"Ist doch jetzt sowieso egal." Antwortete Alice genervt auf die gefühlt 100. 'Warum-Frage', die Shura ihr in der letzten Stunde gestellt hat. Ihre Lehrerin hatte das ohnmächtige Mädchen mit in den Vatikan genommen und in einen Raum gebracht, bis sie aufwachte. Seit dem wurde Alice verhört.
Auf die Fragen, die mehr Befehle waren, erzählte Alice die ganze Geschichte, seit Amaimon ihr seine Identität eröffnet hatte; das Dämonenmal, den Plan, die Missionen und einfach alles.
Was machte es auch jetzt noch für einen Unterschied?
Am Ende sah Shura ein, dass es nicht mehr zu erfahren gab und brachte die Gefangene in eine der Zellen, die es im Vatikan zur Genüge gab.
Alice konnte Shuras Gedanken absolut nicht deuten. Die Frau hatte eine dermaßen neutrale Miene aufgesetzt, dass es einfach unmöglich war. Wahrscheinlich eine Mischung aus Wut, Enttäuschung und Bedauern.
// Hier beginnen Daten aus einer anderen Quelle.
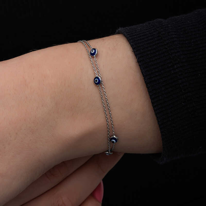 Silver Evil Eye Women's Bracelet Evil eye beads have been used for many years to protect themselves from evil gazes. The evil eye bead is a precaution against the negative effects of evil gazes on people. For this reason, people wear evil eye beads to protect their loved ones. This evil eye bracelet reflects elegance and style. Eye-catching elegance with its evil eye design... You can choose this model, which has always been popular and does not compromise on its elegance, as a birthday gift, Valentine's Day gift or a gift for mothers on special occasions. The evil eye women's bracelet is made of 925 sterling silver. Rhodium plated on the silver. Rhodium plated silver women's bracelets preserve their shine for a long time and oxidation is delayed. Like all silver women's bracelets, this silver evil eye women's bracelet is entirely handmade. Due to silver and precious stones, there may be a ± 10% deviation in the average product weight. Bracelet Width: 0.50 cm Bracelet Length: 21 cm Average Weight: 1.80 gr
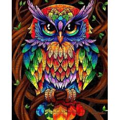 Quebra-cabeça em MDF Coruja Colorida Puzzle de 300 peças
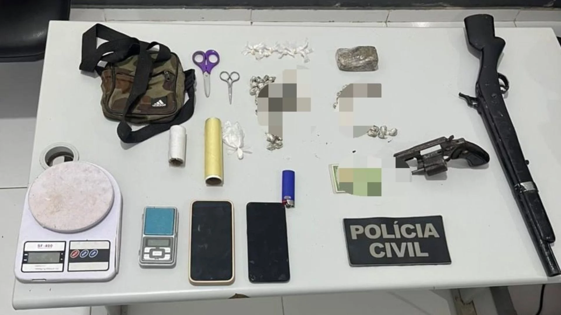 Durante as buscas, foram apreendidos entorpecentes análogos à maconha e ao crack, um revólver calibre .38, uma arma artesanal conhecida como “bate-bucha”, além de balanças de precisão, munições e materiais utilizados no tráfico de drogas.
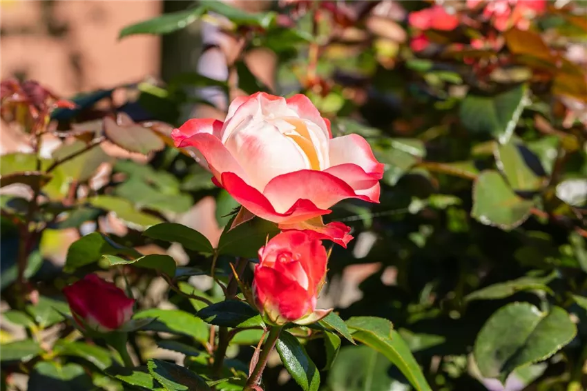 Edelrose, rot-weiß Wer seinen Garten neu oder umgestalten möchte, der hat die Wahl aus einer Vielzahl unterschiedlicher Pflanzen. Aber eine Pflanze sollte in keinem Garten fehlen: die Rose. Rosen kaufen war noch nie so einfach und bei der riesigen Auswahl findet sich mit Sicherheit für jeden Geschmack die passende Rose. Beim Rosen kaufen hat man nicht nur die Wahl zwischen den unterschiedlichsten Farben, sondern vor allem auch zwischen den verschiedensten Sorten. Denn Rose ist nicht gleich Rose. Wer besonders märchenhaftes Flair im Garten haben möchte, der sollte auf Kletterrosen zurückgreifen und mit diesen besonderen Pflanzen Hauswände, Spaliere oder Rosenbögen begrünen und zum Blühen bringen. Kletter- und Ramblerrosen sind besonders beliebt in Gärten, die viel Platz zum Klettern bieten. Wer buchstäblich die Nase nicht voll von duftenden Pflanzen im Garten bekommen kann, für den sind Wildrosen und Duftrosen die beste Wahl. Diese Blüten sehen nicht nur besonders hübsch aus, sie verströmen auch einen einmaligen Duft. Und was wäre ein Garten ohne Edelrosen? Diese besonderen Blüten dürfen nicht nur bei Rosenliebhabern nicht fehlen. Die Vielfalt ist groß und in den unterschiedlichsten Farben machen Strauchrose, Kletterrose, Duftrose und Co. eine richtig gute Figur.

Und sie konnte das ihrer Lehrerin nicht mal verübeln. Was sie alles für Amaimon getan hatte, war schrecklich. Das Dämonenmal war weg und Alice überflutete eine Welle von Schuldgefühlen seit dem. Amaimon hatte nicht gelogen, als er meinte, das Mal würde ihr ganzes Wesen verändern.
Shura schloss die Zelle und wollte gerade gehen, als eine Frage aus dem Mädchen heraus schoss. Eine Frage, die sie sich bis jetzt noch nicht traute zu stellen, welche aber schon die ganze Zeit in ihrem Kopf herumgeisterte: "Was ist mit Amaimon passiert?"
Ohne zu antworten, lies die pinkhaarige Frau Alice allein.
Diese lies sich auf den Boden sinken und starrte ins Leere. Wie sollte es jetzt weiter gehen?
Doch bevor sie einen wirklichen Panikzustand deswegen erreichen konnte, stand auf einmal Mephisto vor ihr und öffnete die Zellentür.
"Also, du bist frei. Keine Angst, ich hab' Alles geklärt und du kannst gehen, darfst dich nur nie wieder hier blicken lassen, aber ich denke, das dürfte kein Problem sein."
Überraschte sprang Alice auf und folgte ihrem Schuldirektor.
Dank einem der geheimnisvollen Schlüssel, mit denen man beliebige Türen zu bestimmten Orten öffnen konnte, waren sie schnell in seinem Büro, wo er sich hinter seinem Schreibtisch nieder lies.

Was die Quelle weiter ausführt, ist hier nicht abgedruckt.